We release patches for security vulnerabilities. Currently supported versions:

If you discover a security vulnerability within nx-go, please send an email to the maintainers or report it through GitHub Security Advisories.

Please do not report security vulnerabilities through public GitHub issues.

1. Report: Submit a detailed report via GitHub Security Advisories or email the maintainers
2. Acknowledgment: We will acknowledge receipt of your vulnerability report within 48 hours
3. Assessment: We will assess the vulnerability and determine its impact and severity
4. Fix: We will work on a fix and keep you informed of our progress
5. Release: Once a fix is ready, we will release a security patch and publicly disclose the vulnerability

When reporting a vulnerability, please include:

• Type of vulnerability
• Full paths of source file(s) related to the vulnerability
• Location of the affected source code (tag/branch/commit or direct URL)
• Step-by-step instructions to reproduce the issue
• Proof-of-concept or exploit code (if possible)
• Impact of the issue, including how an attacker might exploit it

• A response acknowledging your report within 48 hours
• Regular updates on our progress
• Credit in the security advisory (unless you prefer to remain anonymous)

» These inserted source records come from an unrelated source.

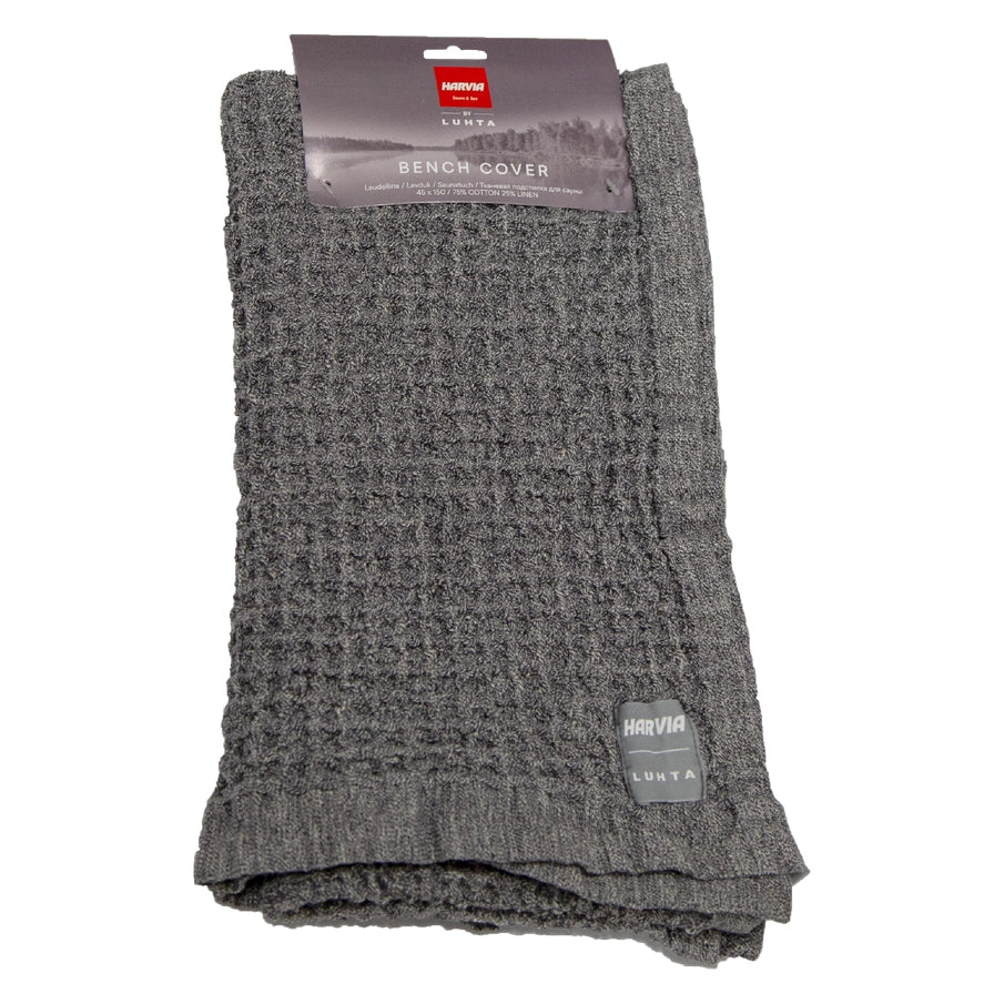 Harvia - Sauna Bench Cover (17.72" × 59.06") Gray is a long-format textile designed to bring cleaner, more comfortable seating to your sauna benches. Measuring 45 x 150 cm, each cover lays out a defined personal area, creating a soft barrier between skin and wood while helping protect the surface from sweat and everyday wear. The waffle-woven blend of 75% cotton and 25% linen feels pleasantly textured yet gentle on the skin, staying comfortable in both high heat and humidity. Its quick-drying structure supports good hygiene and makes it easy to refresh your setup between sessions. The timeless gray tone and modern waffle pattern blend effortlessly with classic plank rooms and contemporary spa interiors, so your sauna looks as polished as it feels every time you sit down to relax.
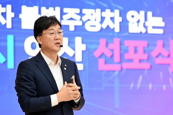 ▲ 이민근 안산시장이 지난해(9.27) '대형자동차 불법주정차 없는 청정도시 안산 선포식'에서 발언하고 있다.
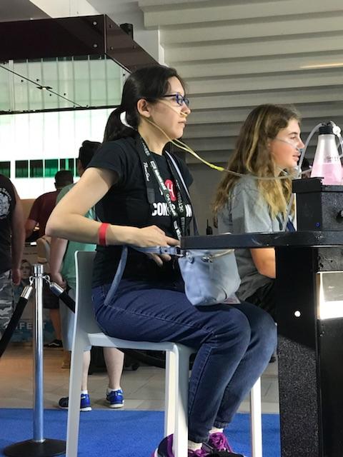 The lounge area had places to sit, where you could charge your phone or just relax. There was also an oxygen bar, the kind I remember seeing about 10-15 years ago in theme parks and malls, but never bothered trying. Josh opted to just relax in one of the lounge chairs, while I tried out the oxygen bar.
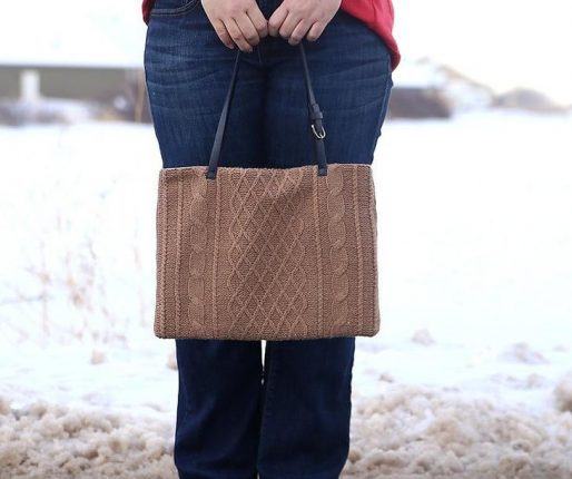 Если у вас есть ненужный свитер с гладким или рельефным узором или крупной вязки трикотажное полотно, из него можно сшить такую уютную, оригинальную, симпатичную и удобную сумку. А чтобы сумка не вытягивалась и хорошо держала форму, полотно надо укрепить плотным флизелином или дублерином. Дополнительную прочность придаст подкладка — в этом случае она сшита из льна. Для ручек подойдёт обычный ремешок.
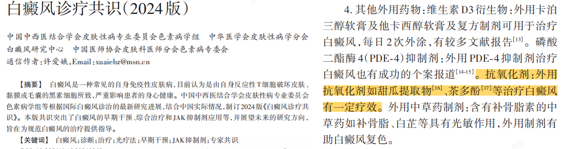 面對光療的局限性,《中國白癜風(fēng)診療共識(2024版)》明確指出,光療聯(lián)合療法效果優(yōu)于單一療法。聯(lián)合治療方案包括聯(lián)合口服或外用激素、口服及外用抗氧化劑等。其中,外用抗氧化劑因其可同步增強(qiáng)光療療效并降低副作用,成為近年研究熱點。
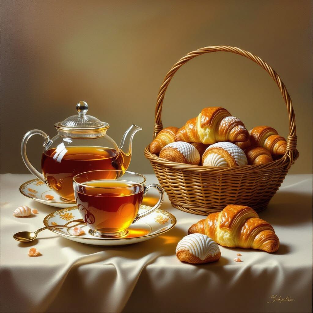 This image shows a golden plateau with tea, a teapot, and a metallic basket of croissants and madeleines. Rendered in a classical oil painting style with soft lighting.
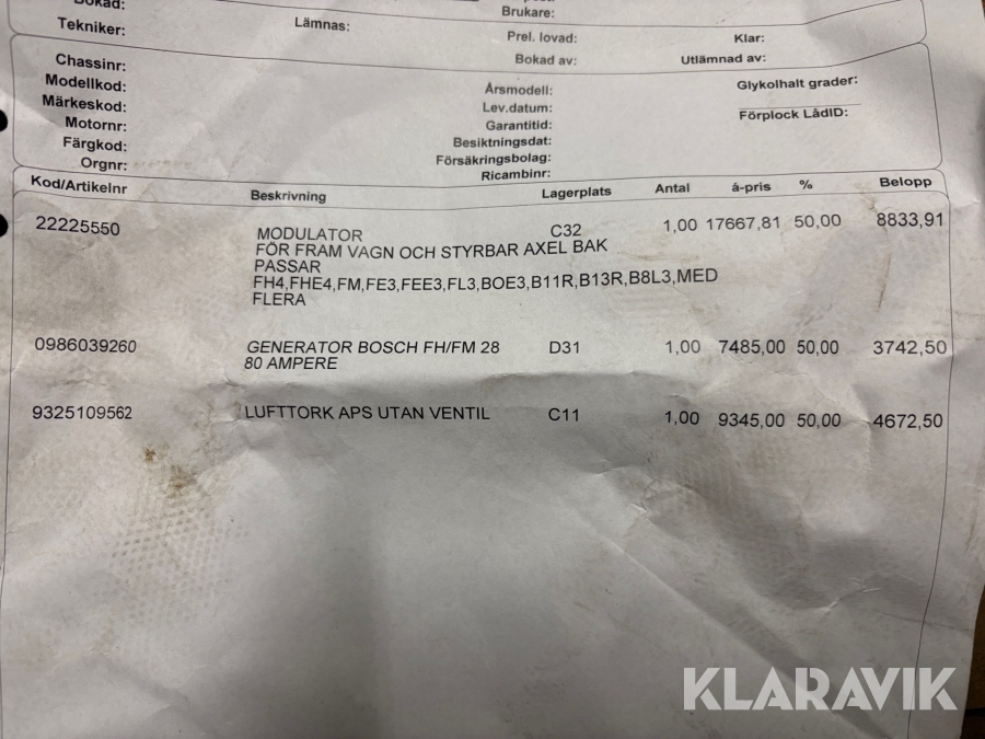 Boka frakt? Det finns ingen specifik information om frakt för just det här objektet, men om du skickar oss en förfrågan via vårt fraktformulär, så undersöker vi möjligheten. Paket, EU-pall eller större maskin? Klaravik har fraktavtal med Schenker och i de fall vi kan hjälpa till med frakt gäller det objekt som ryms i paket eller inom en EU-pall (upp till 120*80 cm och 990 kg). Det går att beställa frakt inom Sverige, dock inte till utlandet. Vid frakt på större maskiner rekommenderar vi gärna transportföretag som du kan kontakta.
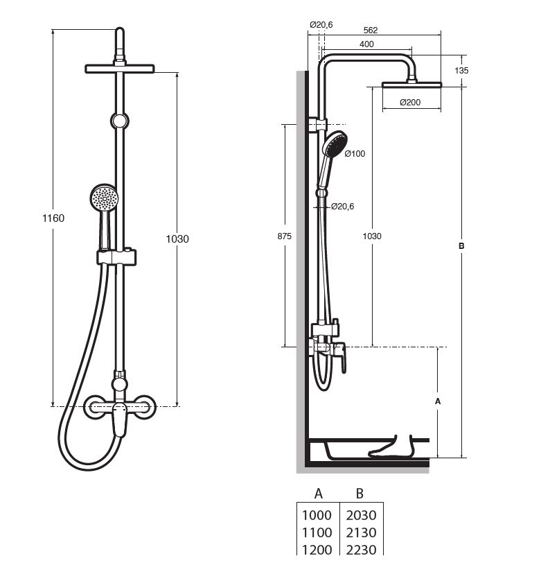 Στήλη ντουζ χρωμέ με μπαταρία, ολοκληρωμένο σετ Victoria by ROCA.
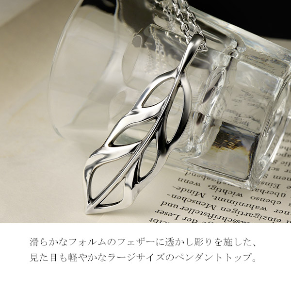 滑らかなフォルムのフェザーに透かし彫りを施した、見た目も軽やかなラージサイズのペンダントトップ。

When using nx-go in your projects:

• Always use the latest stable version
• Keep your Go toolchain up-to-date
• Regularly run nx migrate @nx-go/nx-go to stay current with security patches
• Review dependency updates and security advisories
• Use go mod tidy to keep your dependencies clean and up-to-date

• Security vulnerabilities will be disclosed publicly after a fix is released
• We will credit security researchers who responsibly disclose vulnerabilities (unless they prefer anonymity)
• We aim to release security patches within 30 days of receiving a valid report

Thank you for helping keep nx-go and its users safe!